Most surprisingly, perhaps, the novel does not adopt the usual genre convention of holding its protagonists nearly constant in order to register the transformations around them. Such anchor characters may have a great revelation (usually to kick off Act 3), but they rarely make the double-move of fitful progress, or abortive realization, or learn the hard way, or backslide. In that sense, Heat 2 is also a departure from most of Mann’s cinema, which tends toward the one-big-change model of character development. In attempting to grapple with decades of global economic revolution, Mann and Gardiner give us characters who are as contingent as the systems that shape them.

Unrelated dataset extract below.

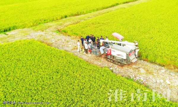 稻浪翻滚,满目金黄,又是一年丰收时。国庆期间,凤台县69万亩水稻陆续开镰收割,县农机学校把新型职业农民学校搬到地头,现场解决农民在收割中出现的机械问题,确保颗粒归仓。(记者 倪 军 通讯员 宋道勇 摄)

Heat 2 officially dropped August 9; on September 3, the New York Times published a deep dive explaining “How Fake GPS Coordinates Are Leading to Lawlessness on the High Seas.”GPS spoofing, they note,“has existed for decades, but was previously confined to military use….In the past two years, however, military grade AIS transponders, or at least the software that replicates its effects, appear to have become available for sale on the black market, spreading rapidly among dealers of sanctioned and illicit goods.”
Tankers carrying oil from sanctioned nations, drug shipments, anything anyone wants to keep quiet but needs to ship can now be cloaked this way, and a new round of countermeasures has been launched to try to curtail the practice. With GPS spoofing, the world becomes slightly less knowable, and the paranoia that drove movies such as Enemy of the State or the Bourne franchise is revealed to be a moment in an ongoing struggle between transparency and concealment.
Of course Michael Mann and Meg Gardiner know this. GPS spoofing software is the tech at the heart of Heat 2’s international turn, the pivot that will take Chris from dependable foot soldier to CinemaScopic visionary without getting bogged down in useless paranoia. Along the way, Chris will lose some of his ability to register those caught up in the grand drift with less access to The Linear. Gone are the moments of banter and command he shares with the Mexican woman Nate has arranged to drive him across the border to escape LA. Rather, Heat 2 is a bildungsroman for a world built on violence, strategy, and misdirection. What it fills in about its characters is not simply why these people think and do the things they think and do. Those thoughts and actions are themselves shaped by interactions and contexts that are changing just as decisively. Sure, it’s a genre novel, and it ends with the laconic wit we want out of it—the war between cops and robbers is a genre war. But the nearly meme-able finale with Vincent Hanna is itself a misdirection. The real war happens almost in the margins a few pages earlier: “Workers scatter. Outside, gunshots multiply.”